Küting/Weber, Handbuch der ... / II. Vorstandsvergütungs-Offenlegungsgesetz – VorstOG
 

Rn. 141

Stand: EL 01 – ET: 09/2005

Bisher forderte der DCGK auf der Basis einer freiwilligen Selbstverpflichtung die Offenlegung der Vorstandsgehälter in individualisierter Form (vgl. Schamburg-Dickstein, HdR-E, Kap 8, Rn. 164 ff.). Da dieser Verpflichtung nur die wenigsten UN nachkamen, verlangt das VorstOG von börsennotierten AG, die auf jedes Vorstandsmitglied entfallende Vergütung individualisiert und für den Aktionär nachvollziehbar offen zu legen. Diese Forderung basiert auf der Annahme, dass der Aktionär als Eigenkapitalgeber das Recht auf diese Information hat, da nur mit dieser Angabe nachvollzogen werden kann, ob die Bezüge gem. § 87 Abs. 1 AktG in einem angemessenen Verhältnis zu den Aufgaben des Vorstandsmitglieds und der Lage der Gesellschaft stehen (vgl.
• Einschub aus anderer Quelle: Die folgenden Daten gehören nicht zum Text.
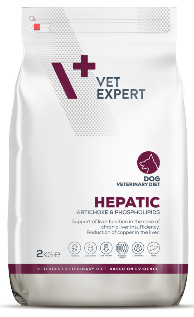 VetExpert VD 4T Hepatic Dog 2kg je veterinární dieta určená pro psy s onemocněním jater. Je navržena tak, aby odlehčila funkci jater, podpořila jejich regeneraci a zajistila optimální výživu bez zatížení metabolismu. Obsahuje pečlivě vybrané složky s nižším obsahem bílkovin, upraveným poměrem tuků a sacharidů a doplněné o látky s hepatoprotektivními účinky.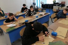 Декоративное выжигание по дереву - древнейшее ремесло, возникшее и развивавшееся параллельно с точением, резьбой, морением и другими видами обработки древесины. С появлением бытовых электрических пирографов техника нанесения изображения значительно упростилась, сделавшись доступной даже для школьников. Мастер-класс по пирографии провел педагог Центра Нуруллин Р.Н. для учащихся "Асылташ". Ребята познакомились со сложной, но очень интересной техникой выжигания.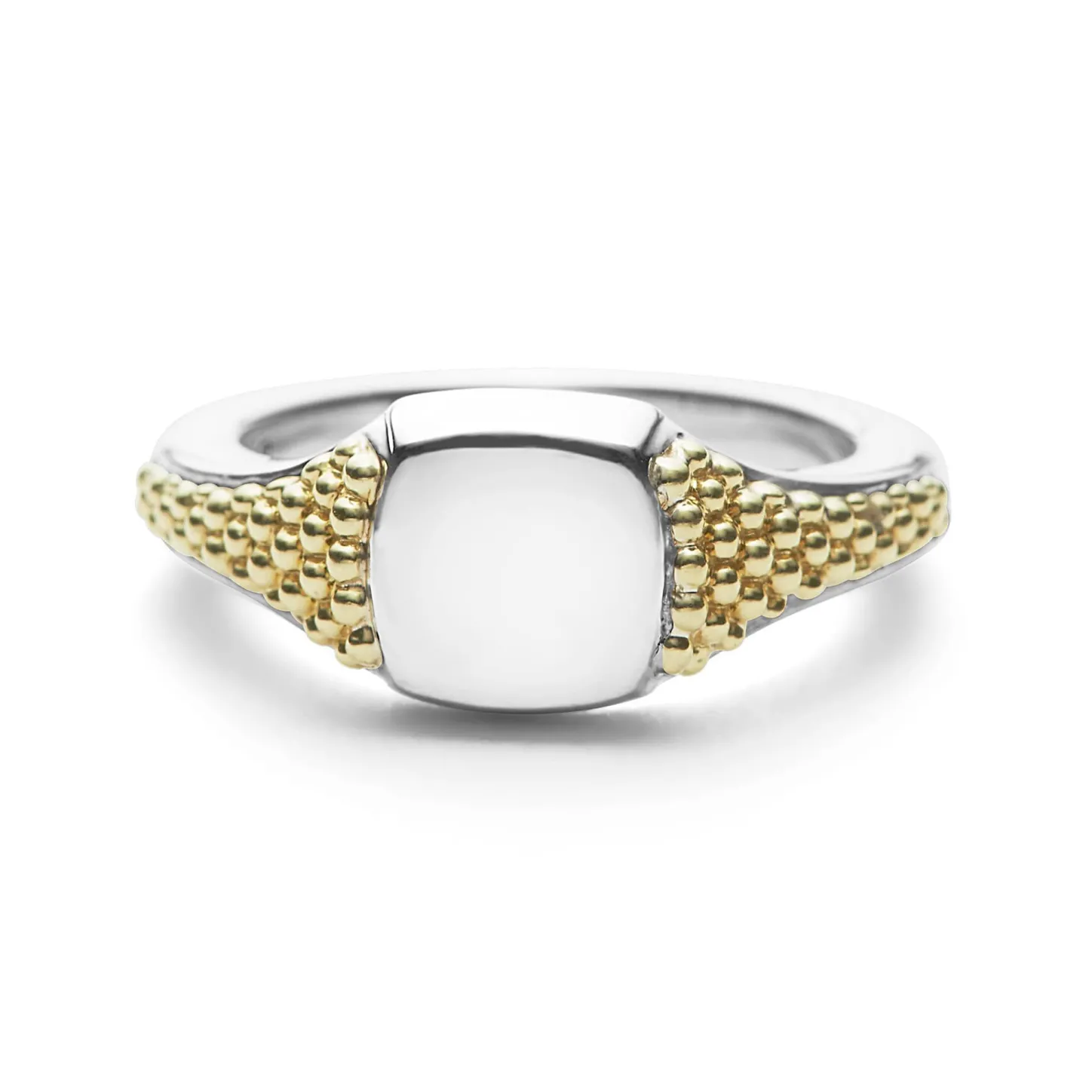 A Lagos Exclusive. Highly Polished Sterling Silver Signet Ring With 18K Gold Beading.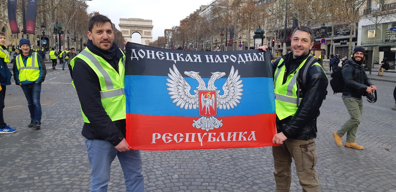В субботу, 8 декабря, интернет заполонили снимки двух участников акций протеста "желтых жилетов" в Париже, развернувших посреди Елисейских Полей, главной улицы французской столицы, флаг самопровозглашенной "Донецкой народной республики". Радио Свобода рассказывает, что известно об этих людях.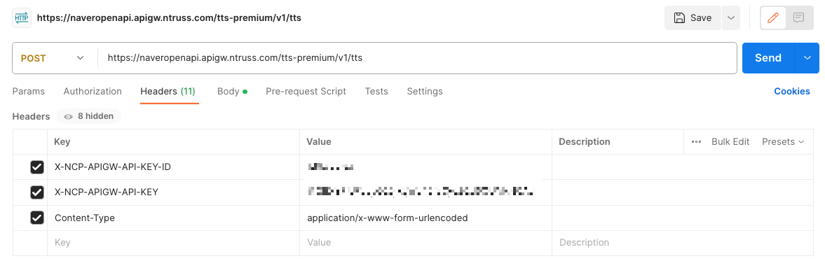 | POST | https://naveropenapi.apigw.ntruss.com/tts-premium/v1/tts |

BT-Drucks. 15/5577, S. 5). Der Offenlegungsverpflichtung kann im Anh. zum JA bzw. zum KA oder alternativ in einem gesonderten Teil des Lageberichts nachgekommen werden. Gem. § 286 Abs. 5 hat die HV das Recht, mit einer Mehrheit von mind. 75 v. H. der Stimmrechte das UN fünf Jahre lang von dieser Offenlegungspflicht zu befreien.

Das VorstOG wurde ebenso wie das UMAG am 08.07.2005 vom Bundesrat verabschiedet (vgl. BR-Drucks. 451/05).